I’ve done my time at San Onofre, and I’ve done it proudly. By choice, even. While I’ve lived in Indonesia and Oahu and explored bits of Mexico, the Baja, Australia, and the East Coast of America, I’ve yet to find another place in this world where you can predict what the waves are doing just by observing the people around you.
So, call me lazy, call me a kook, call me a surf bum, or call me intuitive, but I figured out a system to avoid paying for Surfline and score more than not, without ever checking the waves on a cam or in real life in Southern California.
Besides the first, most obvious step (using a log, because then you can surf almost anything) and placing a San Onofre Surf Club sticker on the back window of your truck to claim local status (if you have an out-of-state plate, even better!), you are then free to roll into the dirt parking lot with the best of them. When I say “the best of them,” I’m talking about very specific characters. These characters are also the secret to unlocking the extended forecast: Hawaiian scale or regular.
Much like the iconic Instagram account, Creatures of SanO, which is conducting a San Onofre Social Experiment in the Metaverse as we speak, the people you first see rounding the corner will give you an initial idea of the conditions. The number one positive sign at San Onofre is a crowded first parking lot, and bonus points if you see someone over 50 grilling up lunch next to a van. Extra bonus points if that van is old and/or rusty.

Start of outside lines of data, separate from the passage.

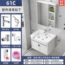 居琛(JUCHEN)太空铝浴室柜挂墙式洗手盆小户型洗脸盆柜组合阳台卫生间面盆洗脸台洗漱台吊柜 【航天铝材】轻奢白60*40+全套配件+镜柜
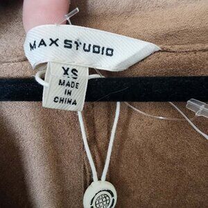 Max Studio Shacket Button Front Shirt Women Vicuna Brown Faux Suede Size XS.
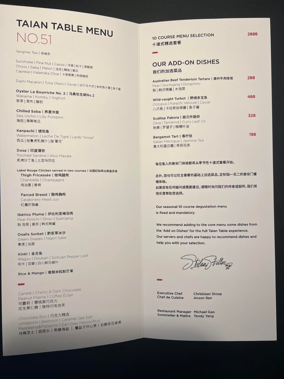 Taian Table (8-12) was another highlight. I’m personally a big fan of chef’s table concepts, so this was an easy choice. The food was outstanding and we ended up talking with the head chef and sous chef for about 40 minutes, which made the experience even more memorable.
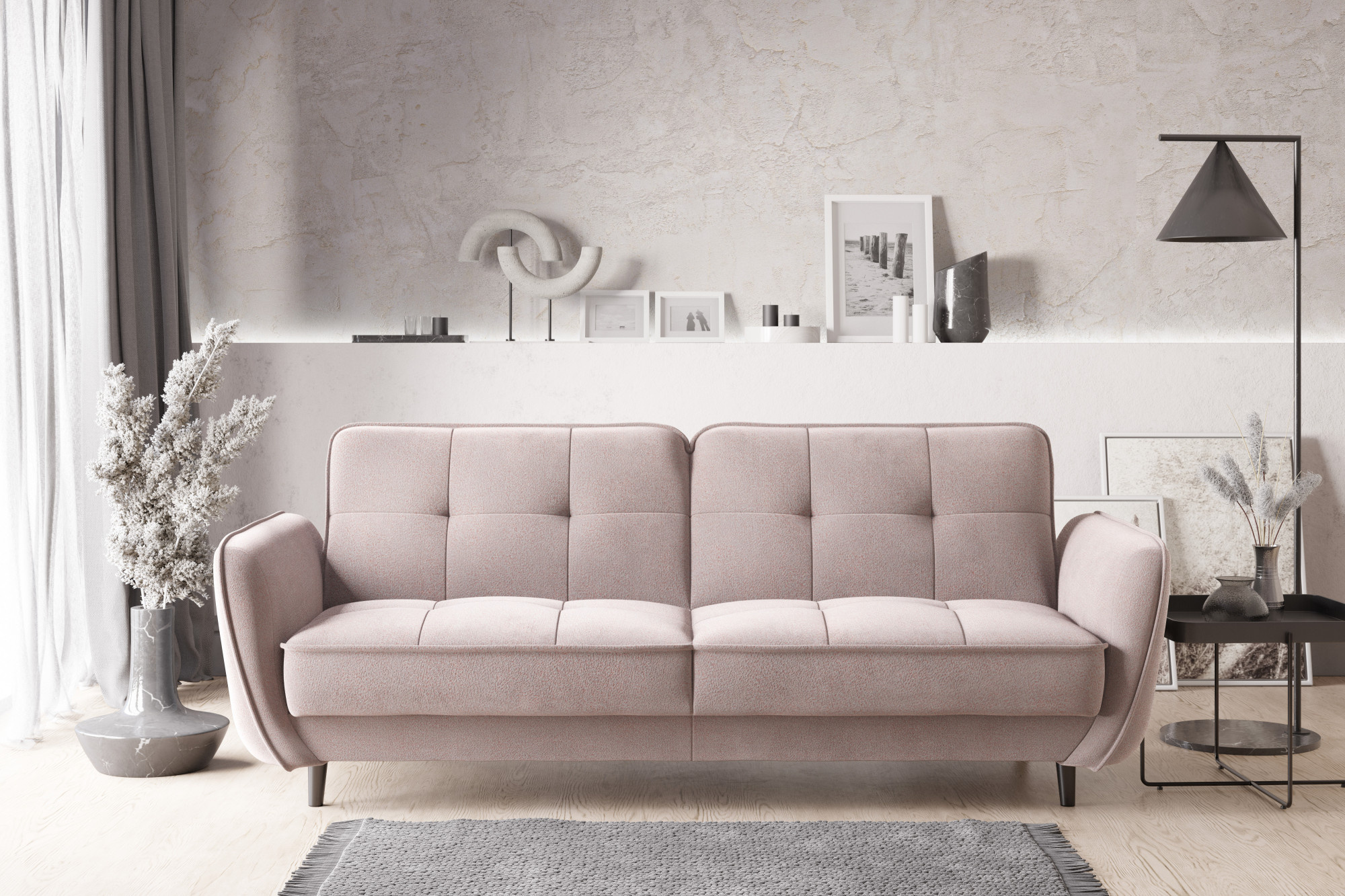 The Bellis sofa bed combines classic elegance with modern style. The Bellis couch with sleep function is complemented by elegant wooden legs that bring a touch of nature to any room. The sofa's width of 220 centimetres is a good size for a medium-sized living room, while the 11 centimetre legs visually enlarge a smaller room and allow you to clean under the furniture. Bellis also comes with a bedding container - useful if there is no room for extra blankets or pillows. The Bellis sofa also has a sleep function. Thanks to the click-clack folding mechanism, you can quickly and easily turn the sofa into a comfortable bed. In addition, the Bellis sofa does not need to be moved away from the wall when it is unfolded and sleeping function is activated. Bellis offers a lying surface of 190x110 centimetres. The piece of furniture is filled with highly flexible HR foam, which is known for its strength and durability. Both the seat of the sofa and the backrest are equipped with this type of foam. The fold-out Bellis sofa is also equipped with a high-quality B-type and pocket spring core. The embellishments in the form of stitching and quilting are responsible for the aesthetic side of the sofa.

Funny enough, it seems that the younger people end up at Old Man’s, and the older crowd watches The Point. Either way, when you spot the wise elder watchers at The Point, you’re in for a good time. And if anyone has binoculars, jam on the gas and get out there!
The second great sign comes a little farther down in the drive. Towards Four Doors, where people sit in the backs of their trucks or campers watching the hot doggers do their thing, look out for bowl cuts and camcorders. If more than three people are filming, it’s going to be a solid session. If even one of those people filming has a bowl cut, it’s on.
The third and final positive sign – no, undeniable message from the universe itself – comes from one singular vehicle in the San Onofre parking lot. When everything aligns: the wind is quiet or offshore, the tide is low enough for the waves to have shape, and there’s south swell, there’s a little blue classic car parked at the logs by the beach. The car is driven by a phenomenal surfer who paddles out, on his knees of course (he wouldn’t be caught dead prone), and surfs with a distinct Phil-Edwards-like style. If you see this car, roll the windows down, turn up The Blue Stingrays, and start ripping your shirt off, because you’re about to experience “Surfer’s Delight.”
Did I mention he surfs with a captain’s hat on? I’ve never seen it come off… not once. That’s a level of control above leash-less hotdogging.
Now, for the bad signs, and there are plenty. By far the worst sign of all, though, is pulling up to the lot and seeing it empty. And if there’s no line at the gate on a Saturday, pack it up and go home. San Onofre and the word crowded go together like WSL Finals at Lowers. No one wants to admit it, but at this point, they are all but interchangeable.
The second worst sign, and yes, I’ve seen this one, is people fishing from their surfboards. On multiple occasions this fall I’ve paddled out at one break at SanO or another, only to find the people at the top of the lineup are wielding fishing poles. So far, they haven’t scored waves or lunch. But they have entertained the lineup endlessly, so I salute them for their dedication: to keeping surfing fun, and to doing whatever it takes to live on the beach. Who needs a job when there are resources everywhere.
However, beyond my respect for these survivalist surfers, there is a certain, grim truth that if people are out in the water with fishing poles on boards, the waves are probably not firing.
The final sign that it’s not going to be a good session at San Onofre is if you see more than one paddleboarder. It has nothing to do with it being flat: I’m the first to admit that they get the best waves. That’s exactly why it’s time to face the music and enter the squabble a little up the road at Trestles. Anywhere except Lowers, that is.